Nevertheless, further investigations are needed. In addition, the results emphasized that TD sisters perceived a closer sibling relationship and experienced more self-marginalization than their male counterparts. This coin has two sides. On the one hand, the result may highlight the benefit of the caregiving role served by the TD sisters toward the brother/sister with disabilities: although the disability-related responsibilities and duties, the time spent together may enhance closeness in sibling relationships. Nevertheless, it may be worth noting that the TD sisters' self-marginalization may reflect their distress, which may be due to the awareness that they cannot mess and/or they must not be a worry for overwhelmed parents. Conversely to other studies recruiting mainly TD sisters (Travers et al., 2020; Braconnier et al., 2018; Levante et al., 2023; Chiu, 2022), our result has been reached in a gender-balanced sample supporting this potential 2-fold interpretation and opening the way to additional investigations on the topic. Younger TD siblings were more resolved than older ones. Growing up with an older brother/sister with a disability may increase the attitude toward disability on behalf of the younger TD siblings, perceiving it as a part of the familiar context and their own life. No empirical studies have been carried out on this topic; thus, further investigations are required to deepen the determinants engaged in this relationship.
Due to the lack of difference across disability groups (NDD vs. physical disability) on all considered variables, the model has been tested on the whole sample. Correlational coefficients and the tested model supported both hypotheses. Regarding the HP1, the results revealed that the TD sibling's resolution score was a potential protective factor for the quality of sibling relationships characterized by high closeness and low levels of conflict, jealousy, self-marginalization, and worry. Similar to resolved parents [e.g., (Sher-Censor and Shahar-Lahav, 2022; Oppenheim et al., 2009; Reed and Osborne, 2018; Sher-Censor and Shahar-Lahav, 2022)], resolved TD siblings may perceive their brother/sister with disabilities' strengths and difficulties and, in turn, may be more aware of what they could expect from him or her in the sibling relationship. The TD siblings' resolution of the brother/sister's disability may lead to adapting the mental representations of the sibling relationship, which may be characterized by closeness despite the bothered but unwitting behaviors of the brother/sister with a disability. In addition, the resolved TD siblings may be aware of the brother/sister with disability's difficulties and consequently understand the reasons for the parental lack of attention, leaving behind jealousy toward the brother/sister with a disability. The results also highlighted that the TD siblings' resolution might be a potential protective factor for TD siblings' self-marginalization and worry. This means that TD siblings may be less withdrawn and perceive themselves as fallible human beings who need and receive parental support. Furthermore, the resolved TD siblings may not be discouraged about the future of their brother/sister with a disability but consider the positive side despite the brother/sister's difficulties.

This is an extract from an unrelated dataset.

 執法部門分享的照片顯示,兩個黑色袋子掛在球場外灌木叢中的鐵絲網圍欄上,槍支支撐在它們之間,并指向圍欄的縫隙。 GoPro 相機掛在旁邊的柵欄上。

Nevertheless, the potential protective role served by the TD siblings' resolution score on the sibling relationship may open the way for consideration of the quality of the parent–TD sibling relationship. Despite the disability-related challenges, parents are required to face a 2-fold task toward the TD siblings, that is, being their secure base and communicating overtly on the brother/sister with a disability strength and difficulty. Although they may be harsh parental tasks, parents may support TD sibling's resolution. This consideration is closely related to the study's hypothesis (HP2): indeed, the potential predictive role of the parental resolution score on the TD sibling's resolution has been investigated. The results supported the second hypothesis (HP2), suggesting that the parental adapted internal working model resulting from the resolution of the child's diagnosis may be transmitted to TD siblings. Therefore, following parents in reaction to the diagnosis process when the diagnosis is communicated by professionals may have considerable cascade effects on each family member. Parents may transmit their adapted mental representation of the child with a disability, helping the TD sibling to adapt their own related to a healthy brother/sister. Thus, being a secure base and resolved parents able to have out not only on challenges but also on the benefits of growing up with a brother/sister with a disability is mandatory. While these two novel paths of relationship provide promising and encouraging results, additional studies are needed.

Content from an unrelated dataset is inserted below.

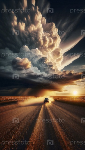 Старый пикап едет по прямой пыльной сельскохозяйственной дороге, которая исчезает на горизонте под монументальным штормовым небом

A further novel issue addressed by the present study regards the role served by the sibship (being the older TD sibling vs. the younger TD sibling) on the TD sibling's resolution and the quality of the sibling relationship. The results supported the group comparison, revealing that the younger TD siblings reported high-resolution scores. Hence, growing up with a brother/sister with disabilities as a younger TD sibling may be a potential promoting factor for the resolution of the diagnosis. A reflection arises from this result: culturally, there is the expectation that the older sibling would be those who will care for vulnerable family members, e.g., elder parents and/or brother/sister with disabilities (Nuckolls, 1993; Weisner et al., 1977; Zukow-Goldring, 1995). Thus, the result reached in the present study may suggest that the older TD siblings may deem as mandatory the caregiver demands; whereas the younger TD siblings who may experience the disability as a part of their life may face them more spontaneously, resolving the diagnosis. It is worth noting that this consideration has to be read carefully due to the fact this is the first study exploring the role of these socio-demographic factors on the unexplored construct of the TD resolution.

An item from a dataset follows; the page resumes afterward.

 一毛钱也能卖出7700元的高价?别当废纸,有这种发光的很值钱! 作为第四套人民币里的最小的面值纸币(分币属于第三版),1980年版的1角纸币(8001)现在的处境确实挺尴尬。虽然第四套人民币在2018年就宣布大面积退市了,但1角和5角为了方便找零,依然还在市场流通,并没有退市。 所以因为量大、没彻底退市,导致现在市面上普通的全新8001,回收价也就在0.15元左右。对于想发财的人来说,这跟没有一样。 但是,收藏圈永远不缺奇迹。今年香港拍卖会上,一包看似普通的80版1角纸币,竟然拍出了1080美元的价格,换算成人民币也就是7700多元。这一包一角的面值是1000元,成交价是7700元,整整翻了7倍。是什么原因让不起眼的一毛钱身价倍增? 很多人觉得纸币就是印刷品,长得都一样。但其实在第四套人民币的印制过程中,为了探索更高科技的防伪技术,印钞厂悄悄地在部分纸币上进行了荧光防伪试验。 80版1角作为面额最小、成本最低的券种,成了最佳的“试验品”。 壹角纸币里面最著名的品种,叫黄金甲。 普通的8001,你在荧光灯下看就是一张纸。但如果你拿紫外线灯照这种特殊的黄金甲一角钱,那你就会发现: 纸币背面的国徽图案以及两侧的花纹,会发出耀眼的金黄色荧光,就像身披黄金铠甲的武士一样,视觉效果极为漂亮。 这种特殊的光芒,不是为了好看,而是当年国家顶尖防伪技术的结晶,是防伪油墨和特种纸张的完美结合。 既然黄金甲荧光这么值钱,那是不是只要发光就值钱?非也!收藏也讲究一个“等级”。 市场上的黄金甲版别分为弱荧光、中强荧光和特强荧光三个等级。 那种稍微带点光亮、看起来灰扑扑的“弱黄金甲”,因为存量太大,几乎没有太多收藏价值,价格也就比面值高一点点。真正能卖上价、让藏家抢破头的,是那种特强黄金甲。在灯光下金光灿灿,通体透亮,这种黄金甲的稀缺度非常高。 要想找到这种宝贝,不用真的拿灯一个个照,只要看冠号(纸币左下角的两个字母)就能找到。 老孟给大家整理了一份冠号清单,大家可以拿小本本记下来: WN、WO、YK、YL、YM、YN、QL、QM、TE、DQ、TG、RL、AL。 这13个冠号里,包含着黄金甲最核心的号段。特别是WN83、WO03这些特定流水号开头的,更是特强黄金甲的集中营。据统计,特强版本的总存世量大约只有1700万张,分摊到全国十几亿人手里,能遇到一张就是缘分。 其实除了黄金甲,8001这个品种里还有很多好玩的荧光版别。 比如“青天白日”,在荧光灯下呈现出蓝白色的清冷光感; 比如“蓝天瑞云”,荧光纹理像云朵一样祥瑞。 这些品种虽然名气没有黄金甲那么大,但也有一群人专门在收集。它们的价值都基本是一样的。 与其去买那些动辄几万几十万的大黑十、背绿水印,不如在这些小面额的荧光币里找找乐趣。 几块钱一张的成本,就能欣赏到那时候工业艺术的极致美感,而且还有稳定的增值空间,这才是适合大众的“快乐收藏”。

Further considerations are related to the impact of the TD sibling's gender and age, and the severity of the disability of the brother/sister on the TD sibling's resolution score and quality of affective sibling relationship. In sum, TD sister reported higher levels of self-marginalization compared to the TD brothers: the certainty that parents do not have time and/or they are not available to support them because the disability-related challenges and duties may lead the TD sisters to withdraw, to not call for help, and/or to overburden of each responsibility. The sequelae on the TD sister's experience may be spotless. It is worth noting that, conversely to other studies recruiting mainly TD sisters [e.g., (Travers et al., 2020; Levante et al., 2025; Chiu, 2022)], the gender-balance sample in the present study may corroborate the traditional care role served by TD sisters in caring [e.g., (Greenberg et al., 1999; Hodapp et al., 2010; Orsmond and Seltzer, 2000)] and their vulnerability to mental health as well (O'Neill and Murray, 2016; Yaldiz et al., 2021; Shivers and McGregor, 2019). Indeed, following the Social Role Theory (Eagly and Koenig, 2009; Pinho and Gaunt, 2024), societal expectations and norms lead females to internalize the role of primary family caregivers, responsible for managing household duties and attending to the needs of family members. In light of these results, it is crucial to further explore the gendered dynamics of caregiving roles, particularly the psychological impact on TD sisters, to better understand how these experiences shape their wellbeing and the family system.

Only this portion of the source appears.